On Tue, Jan 5, 2016 at 5:12 PM, Zoltán Herczeg <hzmester@???> wrote:
> Perhaps we could start by supporting some platforms, and gradually cover more with the community help. I heard that asm volatile forces GCC (and perhaps clang) to disable moving instructions around such asm blocks.
>
> E.g:
>
> statement1;
> asm volatile (" ");
> statement2;
>
> Is it true, that statement1 is fully completed before statement2 is executed even if the assembly part is nothing?


I don't think so, it's even documented:
https://gcc.gnu.org/onlinedocs/gcc/Extended-Asm.html

"Note that the compiler can move even volatile asm instructions
relative to other code"

What you may use on older GCCs is __sync_synchronize() (full barrier),
assuming pointer assignments to be atomic.

Newer GCCs have __atomic_load / __atomic_store with the
__ATOMIC_ACQUIRE and __ATOMIC_RELEASE memory models; even newer GCCs
have C11, so the _Atomic type qualifier and <stdatomic.h> operations.

... totally open question marks about other platforms / compilers ...

> The CPU can still reorder stores. An x86 CPU does not have (need) data write barrier instruction as far as I know. Recent ARM 32 CPUs has data write barrier. Could somebody tell me how can I test whether this instruction is available at compile time? ARM 64 should not be a problem. I have not checked other CPUs yet.


I guess you want to check the exact ARM revision of the CPU? Some
detection code like this?

http://code.woboq.org/qt5/qtbase/src/corelib/global/qprocessordetection.h.html#90

> There is one more thing.
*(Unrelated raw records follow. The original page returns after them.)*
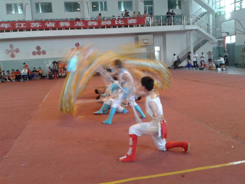 19日上午简单的开幕式结束之后,首先开始的是舞龙自选。公司队第一个上场。由于几名队员出现了水土不服症状,比赛中出现了失误,最终只取得舞龙自选第五名。下午进行北狮自选和舞龙规定套路比赛。值得一提的是,狮队汤斌同学,前几天感冒没好,到海门当晚还发烧39度,侯桂明领队、杜寿高教练和胡琴老师一直陪着挂水到晚上12点。第二天上午还在挂水,下午就坚持上场,稳定发挥,与队友密切配合,拿到了北狮自选第三。但是龙队受到上午比赛影响,没有发挥出正常水平,只拿到了舞龙规定套路比赛第五名。晚上6:00,侯桂明领队召集大家开会,对一天比赛进行了认真总结,鼓励大家不要灰心,继续拼搏,争取在后面比赛中取得好成绩。
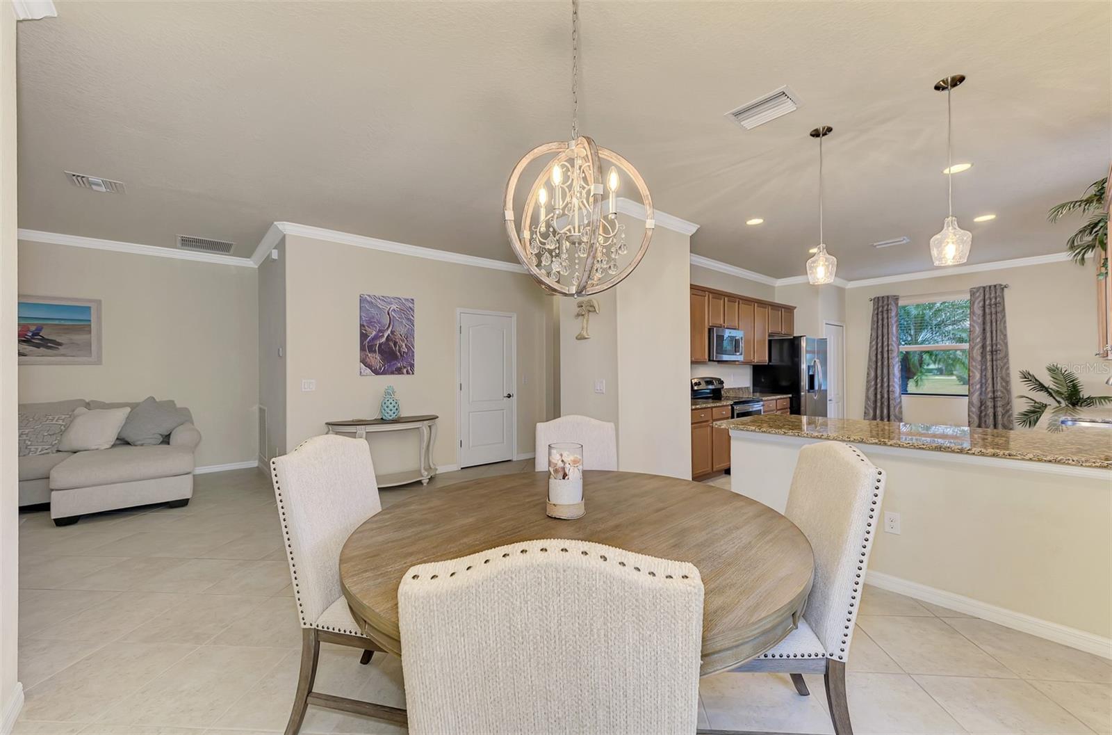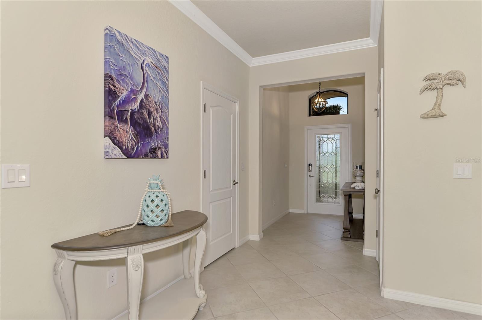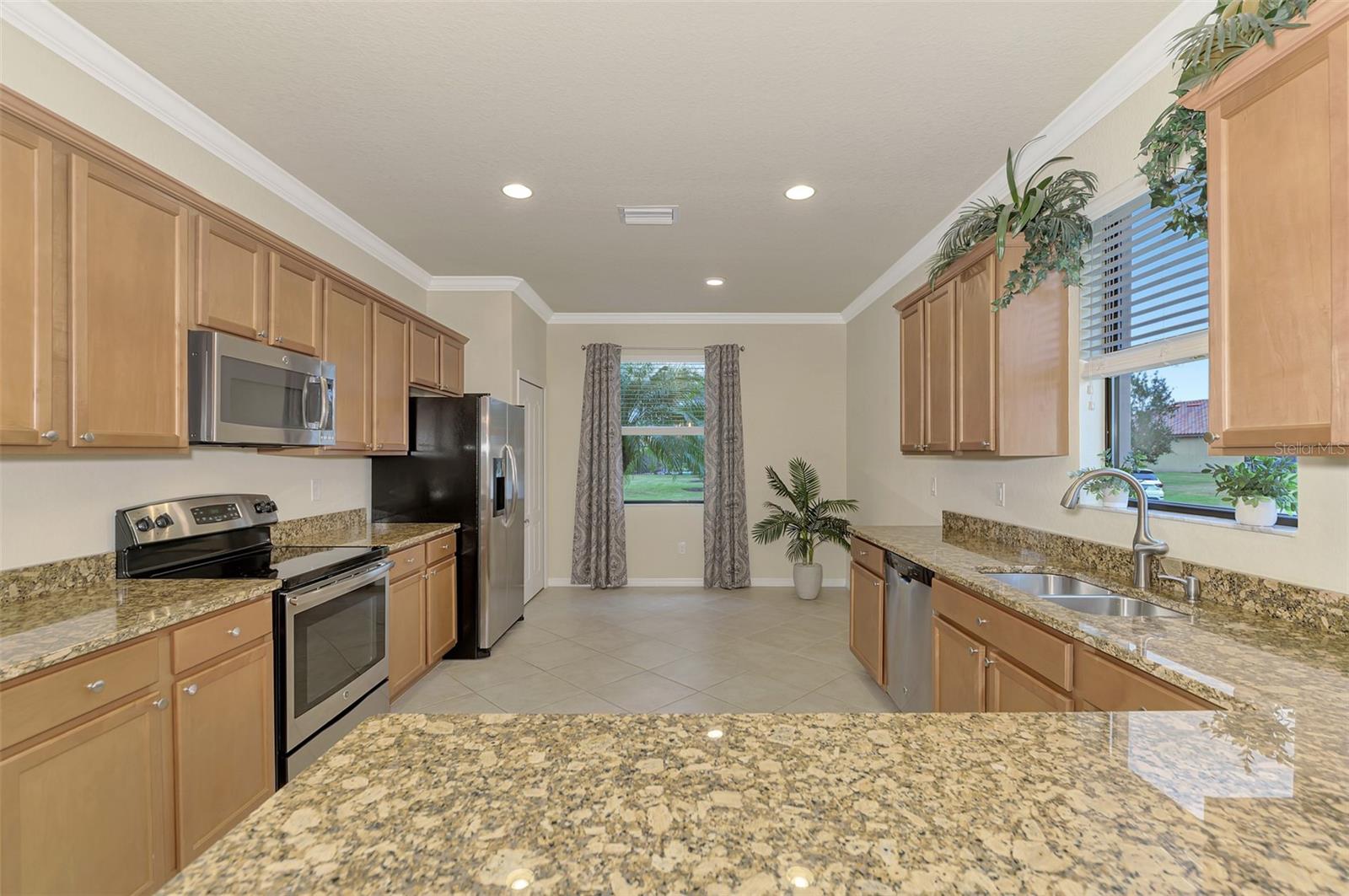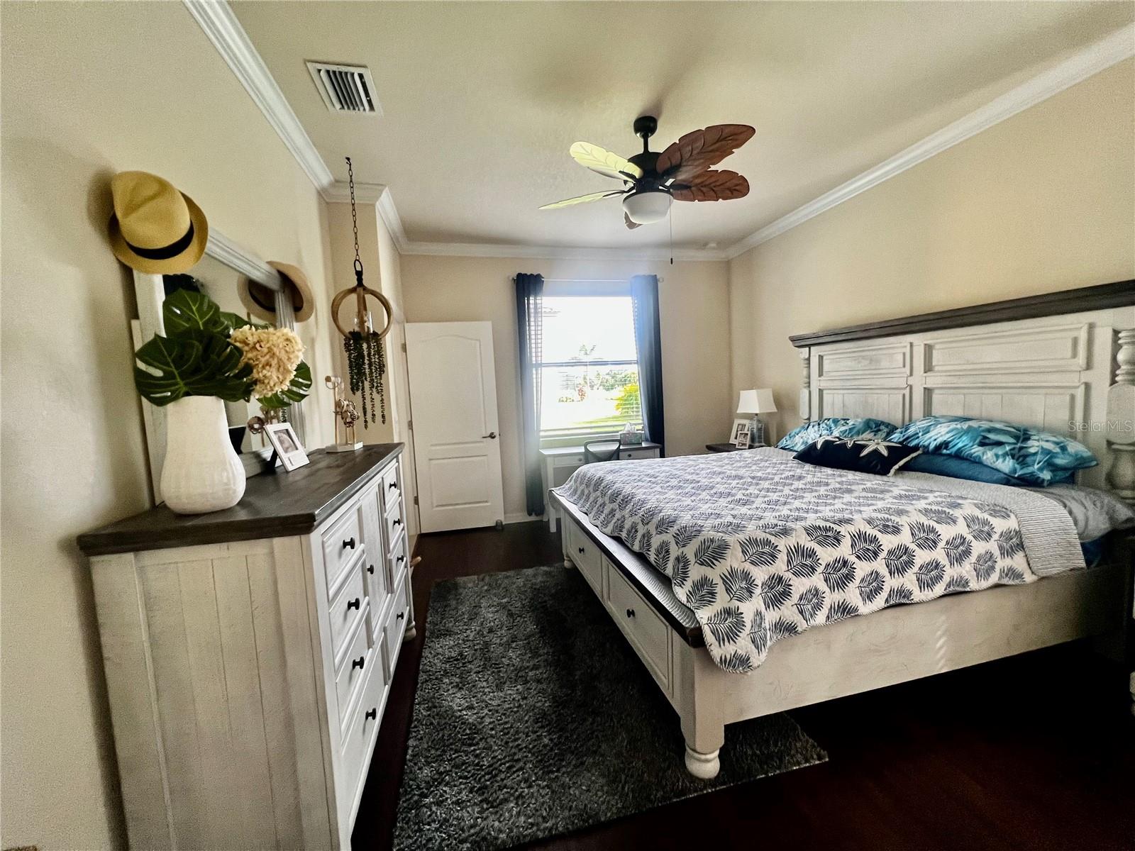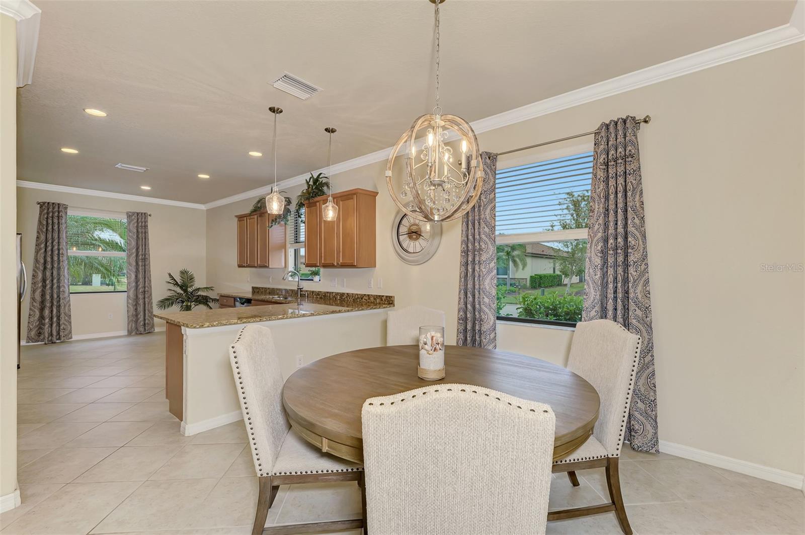 NO DAMAGE OR FLOODING FROM HURRICANE MILTON or Helene. WELCOME to this Stunning and IMMACULATELY maintained move-in ready home features an over abundance of natural light. This single story home is located in the highly sought after River Strand Golf and Country Club with 1628 sqft of living space and plenty of room for a pool. As you begin your tour you will notice the gorgeous tile floors and volume ceilings as you enter through the inviting foyer, passing through the foyer you will enter into the dining room which opens to both the kitchen and living room giving the home that open spacious floor plan. If cooking is your passion you will not be disappointed, this kitchen is equipped with stainless steel appliances, and gorgous gleaming stone countertops with plenty of space to move around with comfort, a large breakfast bar completes the space. The roomy master bedroom has an en-suite bathroom with dual sinks, a large garden soaking tub, separate shower and large walk-in closet. Additionally, you will find two spacious guest bedrooms and a guest bath with lanai access, upgraded fans and lighting throughout. Step outside into the cozy screened in outdoor space and relax as you take in the beautiful water views. FRESHLY PAINTED EXTERIOR 2024. Your life at River Strand is like being on vacation every day. Your social membership offers you access to the clubhouse/ restaurant, 2 community pools and spas, Tiki Bar, 6 satellite pools, 2 fitness centers, tennis, pickle-ball, and year-round social activities. HOA Fee includes Lawn Care, Cable, Internet and security of a Gated Community. Convenient to I-75, dining, shopping, Costco and our Beautiful Gulf coast beaches.
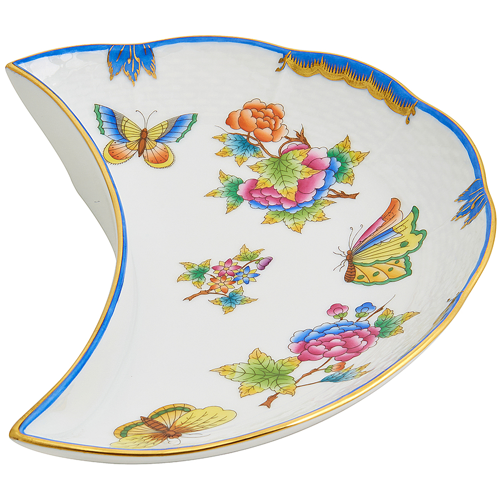 Salata tabakları ve kaseler, VICTORIA desen, birbirinden özel dekor ve desenlere sahip el boyaması Herend Porselen koleksiyonu ile sofralarınızı zenginleştirin. Ay formlu salata tabaklarını ve çeşitli boyutta salata kaselerini, porselen salata tabaklarını, yemek takımının farklı parçaları ile tamamlayabilirsiniz. Herend porselen yemek takımınızı oluştururken, takım parçalarınızı tekli olarak seçebilir arzunuza göre set oluşturabilirsiniz. Ayrıca birbirinden farklı desen ve dekorları da karıştırabilirsiniz. Bu tabağın ve kasenin çeşitli servis tabakları ve servis parçaları da mevcuttur.

This theoretically affects everything, not just JIT compilation. If we compile a pattern with pcre2_compile, it is possible that the result pointer has been shared with another thread, but the compiled pattern data is not.
>
> Main thread:
>
> compiled_pcre_pattern->byte_code = something;
> return compiled_pcre_pattern;
>
> shared_pattern = compiled_pcre_pattern;
>
> Another thread:
> match (shared_pattern, subject);
>
> The byte_code part can be a garbage on the other thread (since it can be executed by another CPU). People did not complain about these effects before, is there a reason for that? I don't want to solve a non-existing problem.


Well, this is a problem of PCRE users and how they share that
"shared_pattern" across threads. The "proper" way is making it an
atomic pointer, then turning the assignment into an atomic
store/release and the read in match into an atomic load/acquire.

Cheers,
--
Giuseppe D'Angelo